From CKLS Process to CIR-type and OU-type Processes: Using a Twice-differentiable Mapping and Generalized Girsanov's Theorem

TL;DR

This paper transforms a CKLS short-rate model into a CIR-type process using a twice-differentiable mapping and a generalized Girsanov theorem, enabling analysis of its properties and connections to OU processes.

Contribution

It introduces a novel transformation and measure change for CKLS models, correcting previous errors and establishing conditions for the resulting process to be well-defined and useful in finance.

Findings

The transformed process has a CIR-type diffusion with nonlinear drift.

Existence, uniqueness, and positivity of solutions are proven under specific parameters.

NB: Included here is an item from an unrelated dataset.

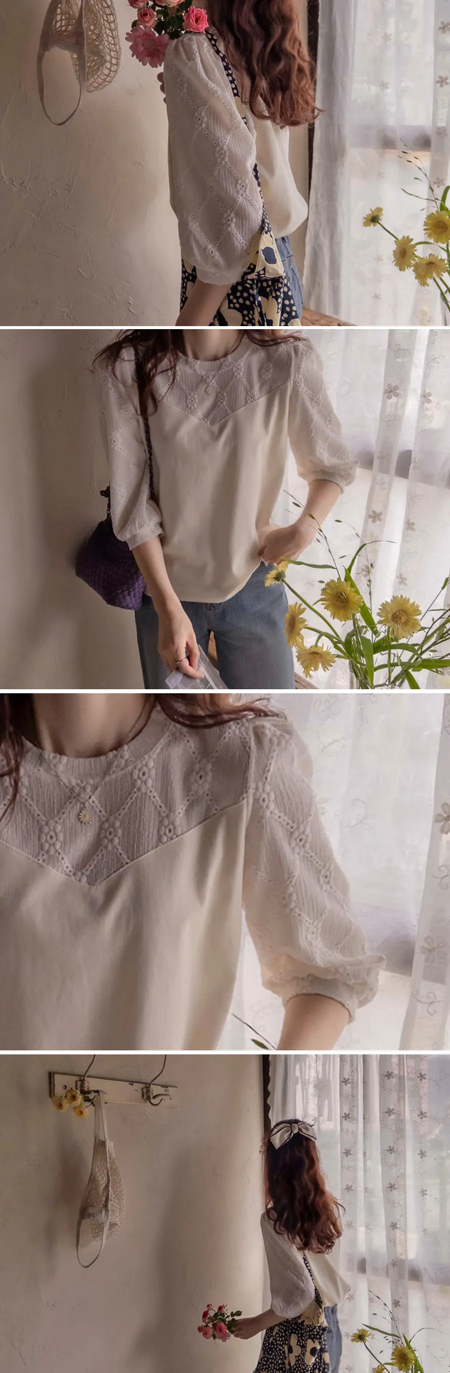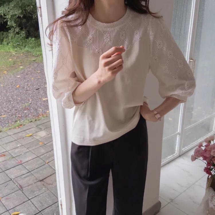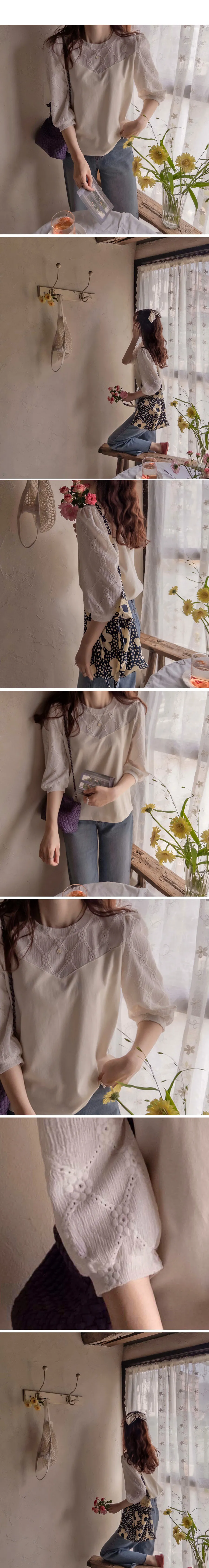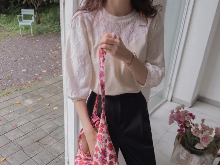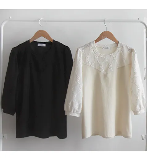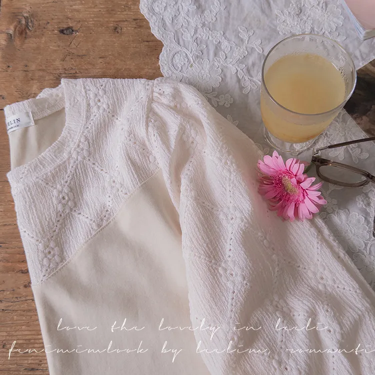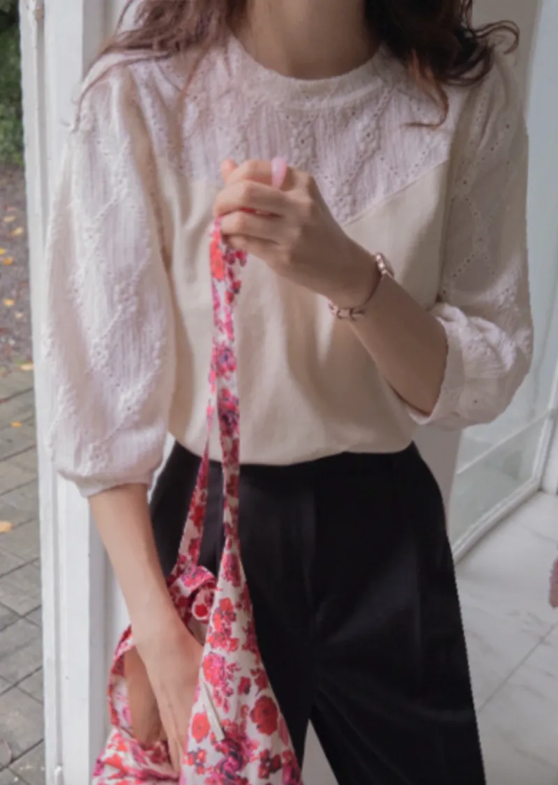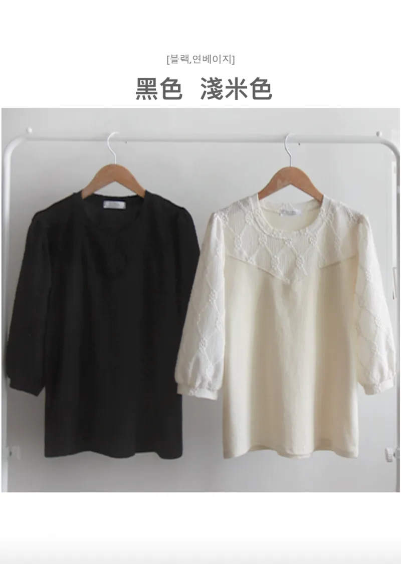 跨季][布料彈性強][袖子可愛的設計,立體花朵刺繡和蕾絲配色][鏤空也很漂亮][蕾絲袖子和衣身都有彈性][肩部剪裁設計]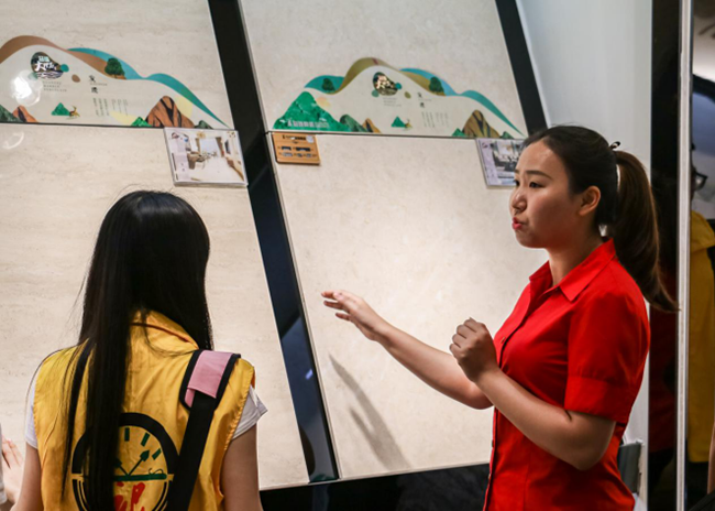 在萨米特陶瓷展厅,为了让我们更深入地了解新明珠陶瓷有限公司,展示人员给我们播放了宣传片。通过看短片进行有奖问答这种方式,我们对新明珠有了进一步了解。

The Radon-Nikodym derivative is shown to be a true martingale using boundary classification.

Abstract

We study a twice-differentiable transformation applied to a CKLS-type short-rate model with linear drift and power-type diffusion. The transformation yields a new process whose diffusion component has a square-root structure and whose drift becomes nonlinear. A critical reassessment of earlier studies using similar transformations reveals fundamental errors in model specification and derivations. To address this, we introduce a generalized Girsanov change of measure that adjusts the drift of the transformed process. Under the resulting equivalent measure, the dynamics reduce to the classical Cox-Ingersoll-Ross (CIR) model. Using the Yamada-Watanabe-Engelbert theorem, we establish existence, uniqueness, and positivity of solutions, and show that the combined transformation and measure change is valid only under specific parameter restrictions, including those most relevant for financial applications. The CIR representation allows us to exploit known results on stationary distributions, moments, and boundary behavior. Under an additional coefficient relationship, the process can be further linked to an Ornstein-Uhlenbeck framework, yielding explicit distributional properties under the equivalent measure. Finally, since standard martingale conditions are not applicable, we prove directly that the associated Radon-Nikodym derivative is a true martingale by invoking a recent criterion based on Feller's explosion test and boundary classification.